- Coat of arms
- Interactive map of Gmina Świętajno
- Coordinates (Świętajno): 53°33′52″N 21°13′2″E﻿ / ﻿53.56444°N 21.21722°E
- Country: Poland
- Voivodeship: Warmian-Masurian
- County: Szczytno
- Seat: Świętajno

Area
- • Total: 279.78 km^{2} (108.02 sq mi)

Population (2006)
- • Total: 5,879
- • Density: 21.01/km^{2} (54.42/sq mi)
- Website: www.swietajno.ug.gov.pl

= Gmina Świętajno, Szczytno County =

Gmina Świętajno is a rural gmina (administrative district) in Szczytno County, Warmian-Masurian Voivodeship, in northern Poland. Its seat is the village of Świętajno, which lies approximately 16 km east of Szczytno and 54 km south-east of the regional capital Olsztyn.

The gmina covers an area of 279.78 km2, and as of 2006 its total population is 5,879.

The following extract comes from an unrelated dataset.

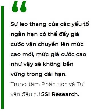 Tuy nhiên, SSI Research cho biết họ nhận thấy rằng một số yếu tố chỉ mang tính chất tạm thời và chắc chắn sẽ đảo chiều trong thời gian thích hợp, trong khi một số yếu tố khác là khá dài hạn và sẽ không sớm thay đổi. Điều này cho thấy sự leo thang của các yếu tố ngắn hạn có thể đẩy giá cước vận chuyển lên mức cao mới, mức giá cước cao như vậy sẽ không bền vững trong dài hạn. Theo đó, SSI Research đưa ra một số yếu tố ngắn hạn có thể giảm dần trong thời gian tới.

The gmina contains part of the protected area called Masurian Landscape Park.

==Villages==
Gmina Świętajno contains the villages and settlements of Biały Grunt, Brzózki, Bystrz, Chajdyce, Chochół, Cis, Długi Borek, Jerominy, Jerutki, Jeruty, Kierwik, Koczek, Kolonia, Konrady, Łąck Mały, Łąck Wielki, Myszadło, Niedźwiedzica, Nowe Czajki, Piasutno, Połom, Powałczyn, Racibórz, Spychówko, Spychowo, Spychowski Piec, Stare Czajki, Świętajno, Szklarnia and Zielone.

==Neighbouring gminas==
Gmina Świętajno is bordered by the gminas of Dźwierzuty, Piecki, Rozogi, Ruciane-Nida and Szczytno.